On the other hand, some types of health care only benefit the individual that gets them. A 50 year old with cancer should not have his healthcare provided by the government because it is damn expensive, he had the opportunity to secure private health insurance, there's a good chance he has genes or behaviors that contributed to his condition, and his treatment will only contribute to his own wellfare.
Ensuring that a the healthcare system works well (quality care for a low price) is a much more important and much more difficult to work out question than what things should be provided by private vs. public insurance. Simply privitizing healthcare can result in increased costs and worse care if it is done poorly or poorly regulated. Health care is a complex issue; I don't understand the state of healthcare in the US now.

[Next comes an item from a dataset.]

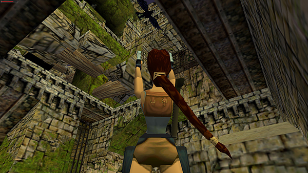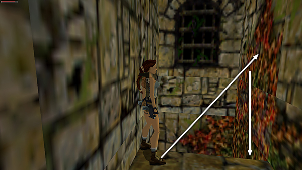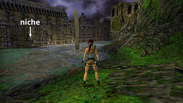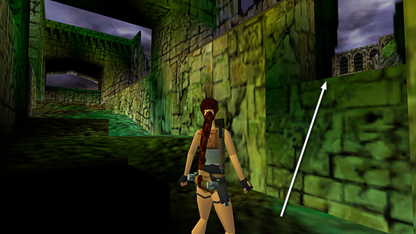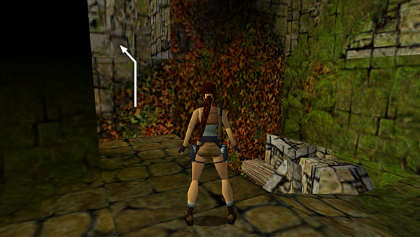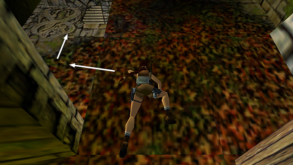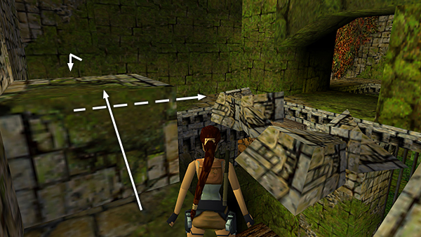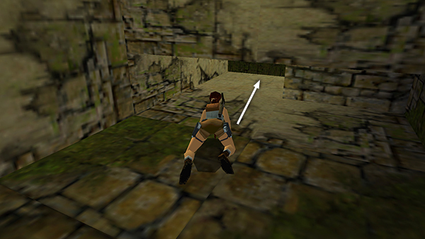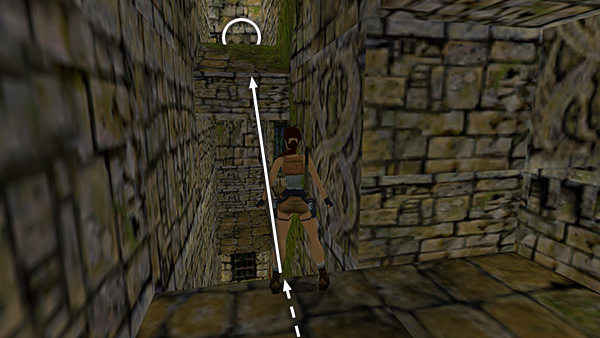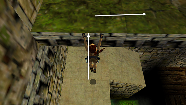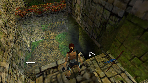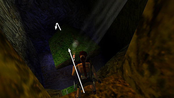 TALL, NARROW HALLWAY WITH LEDGES AND SPIKES: Turn left and take a running jump over the opening in the floor above a set of spikes to land on the green ledge ahead. (screenshot) Vault up onto the ledge ahead. Walk forward to the edge. Then carefully position Lara at the left side of the ledge angled to the right. Take a standing jump to grab the vine-covered wall. (screenshot) Climb down almost to the bottom. Then climb as far to the right as possible. You'll notice Lara's shadow falls on the seam in the floor between the tile with the spikes and the safe one next to it. If you drop down here, Lara won't take any damage. (screenshot)

The real problems are the proliferation of malpractice suits and the stranglehold that doctors have on healthcare. There are plenty of things that other, less well-paid professionals could do as well or better than doctors that require the involvement of doctors for legal reasons. Also, the training that doctors undergo is absurdly excessive for many tasks, and the limits that exist on the number of doctors trained drives up costs. Plus, insurance companies actally add more to the cost of health care than many foreign governments, for god only knows what anti-competitive practices and legislation exist...
The solution I propose is to implement mandatory capital punishment for all doctors, lawyers, and insurance company executives. This might have a small, temporary detrimental effect on the quality of health care, but I'm sure you'll agree that the immediate cost savings and long term benefits justify the short term problems.